Work instruction
Lines of the material that include the string "under" should be returned.
§
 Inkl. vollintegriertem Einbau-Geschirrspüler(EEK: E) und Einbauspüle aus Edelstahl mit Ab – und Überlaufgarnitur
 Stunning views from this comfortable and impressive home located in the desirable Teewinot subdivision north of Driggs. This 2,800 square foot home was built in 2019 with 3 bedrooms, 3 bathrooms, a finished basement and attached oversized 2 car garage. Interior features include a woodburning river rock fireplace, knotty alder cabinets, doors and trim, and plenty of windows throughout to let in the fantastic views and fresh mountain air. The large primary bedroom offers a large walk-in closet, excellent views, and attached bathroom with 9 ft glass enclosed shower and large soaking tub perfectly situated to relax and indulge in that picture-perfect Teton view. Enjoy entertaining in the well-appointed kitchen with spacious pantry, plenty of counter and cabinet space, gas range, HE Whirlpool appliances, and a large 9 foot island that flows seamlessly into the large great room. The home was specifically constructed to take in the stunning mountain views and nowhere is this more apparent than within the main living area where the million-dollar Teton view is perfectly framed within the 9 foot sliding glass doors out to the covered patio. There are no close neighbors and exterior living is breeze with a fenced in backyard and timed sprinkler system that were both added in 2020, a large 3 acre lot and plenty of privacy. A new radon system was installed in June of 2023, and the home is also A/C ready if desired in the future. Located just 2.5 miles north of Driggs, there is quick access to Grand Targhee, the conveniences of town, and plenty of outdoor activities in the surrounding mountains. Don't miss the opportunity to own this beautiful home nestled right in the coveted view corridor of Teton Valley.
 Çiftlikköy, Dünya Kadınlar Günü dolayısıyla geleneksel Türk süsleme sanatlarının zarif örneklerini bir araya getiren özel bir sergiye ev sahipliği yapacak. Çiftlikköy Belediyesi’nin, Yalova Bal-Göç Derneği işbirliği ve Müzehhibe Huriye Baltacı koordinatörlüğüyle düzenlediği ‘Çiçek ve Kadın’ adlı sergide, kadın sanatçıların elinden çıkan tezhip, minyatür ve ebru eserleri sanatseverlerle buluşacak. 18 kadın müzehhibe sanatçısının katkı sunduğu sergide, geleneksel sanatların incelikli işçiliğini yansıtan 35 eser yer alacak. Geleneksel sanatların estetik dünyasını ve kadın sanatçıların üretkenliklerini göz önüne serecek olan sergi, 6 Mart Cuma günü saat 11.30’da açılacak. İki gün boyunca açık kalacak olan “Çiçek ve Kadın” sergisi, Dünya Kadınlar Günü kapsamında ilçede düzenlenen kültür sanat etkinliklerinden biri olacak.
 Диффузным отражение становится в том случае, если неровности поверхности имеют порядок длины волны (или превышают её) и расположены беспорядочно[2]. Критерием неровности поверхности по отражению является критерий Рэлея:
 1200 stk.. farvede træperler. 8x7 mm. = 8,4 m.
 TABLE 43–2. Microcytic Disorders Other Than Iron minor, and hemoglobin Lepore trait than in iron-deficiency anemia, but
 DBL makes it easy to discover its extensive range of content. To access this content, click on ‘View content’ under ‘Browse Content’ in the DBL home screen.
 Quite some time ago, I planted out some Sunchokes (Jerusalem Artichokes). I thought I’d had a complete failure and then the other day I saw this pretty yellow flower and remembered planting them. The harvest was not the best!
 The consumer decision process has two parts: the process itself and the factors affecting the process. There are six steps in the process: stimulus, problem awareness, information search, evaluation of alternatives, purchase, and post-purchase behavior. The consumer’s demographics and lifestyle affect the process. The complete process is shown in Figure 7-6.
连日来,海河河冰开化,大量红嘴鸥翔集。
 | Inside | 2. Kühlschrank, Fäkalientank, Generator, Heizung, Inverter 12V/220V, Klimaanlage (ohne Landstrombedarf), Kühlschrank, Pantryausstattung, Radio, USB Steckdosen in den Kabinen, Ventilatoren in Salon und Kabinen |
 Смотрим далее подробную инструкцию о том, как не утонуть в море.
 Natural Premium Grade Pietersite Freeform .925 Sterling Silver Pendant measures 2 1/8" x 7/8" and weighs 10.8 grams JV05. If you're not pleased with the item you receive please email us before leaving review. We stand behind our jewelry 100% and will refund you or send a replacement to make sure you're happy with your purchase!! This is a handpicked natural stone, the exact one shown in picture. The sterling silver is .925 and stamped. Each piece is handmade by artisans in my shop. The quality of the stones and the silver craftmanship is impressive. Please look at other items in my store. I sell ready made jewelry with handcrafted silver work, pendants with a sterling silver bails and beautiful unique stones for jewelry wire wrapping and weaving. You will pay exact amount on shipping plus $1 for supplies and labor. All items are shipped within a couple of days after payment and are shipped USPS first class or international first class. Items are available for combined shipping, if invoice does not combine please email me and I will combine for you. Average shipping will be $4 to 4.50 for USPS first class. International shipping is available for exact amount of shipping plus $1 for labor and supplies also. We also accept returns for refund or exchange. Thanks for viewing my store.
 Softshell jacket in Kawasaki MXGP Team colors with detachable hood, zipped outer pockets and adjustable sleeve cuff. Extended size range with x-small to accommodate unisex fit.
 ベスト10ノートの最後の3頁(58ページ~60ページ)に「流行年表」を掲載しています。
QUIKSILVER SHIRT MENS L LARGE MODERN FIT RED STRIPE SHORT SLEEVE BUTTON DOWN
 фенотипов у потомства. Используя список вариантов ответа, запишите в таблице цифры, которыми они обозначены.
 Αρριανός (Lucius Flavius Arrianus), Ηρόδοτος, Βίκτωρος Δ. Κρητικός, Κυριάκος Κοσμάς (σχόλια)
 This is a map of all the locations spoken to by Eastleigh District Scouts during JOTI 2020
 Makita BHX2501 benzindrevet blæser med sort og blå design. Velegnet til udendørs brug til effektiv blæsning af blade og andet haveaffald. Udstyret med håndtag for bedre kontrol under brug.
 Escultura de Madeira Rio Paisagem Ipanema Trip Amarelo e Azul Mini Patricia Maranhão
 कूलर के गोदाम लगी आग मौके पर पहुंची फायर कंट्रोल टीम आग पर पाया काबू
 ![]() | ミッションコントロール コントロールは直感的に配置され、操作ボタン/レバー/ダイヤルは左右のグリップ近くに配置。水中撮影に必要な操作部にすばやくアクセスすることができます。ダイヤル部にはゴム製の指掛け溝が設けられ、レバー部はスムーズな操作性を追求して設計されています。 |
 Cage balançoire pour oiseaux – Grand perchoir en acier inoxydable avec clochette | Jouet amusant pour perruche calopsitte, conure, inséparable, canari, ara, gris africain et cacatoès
§
Task answer
 DBL makes it easy to discover its extensive range of content. To access this content, click on ‘View content’ under ‘Browse Content’ in the DBL home screen.
 Makita BHX2501 benzindrevet blæser med sort og blå design. Velegnet til udendørs brug til effektiv blæsning af blade og andet haveaffald. Udstyret med håndtag for bedre kontrol under brug.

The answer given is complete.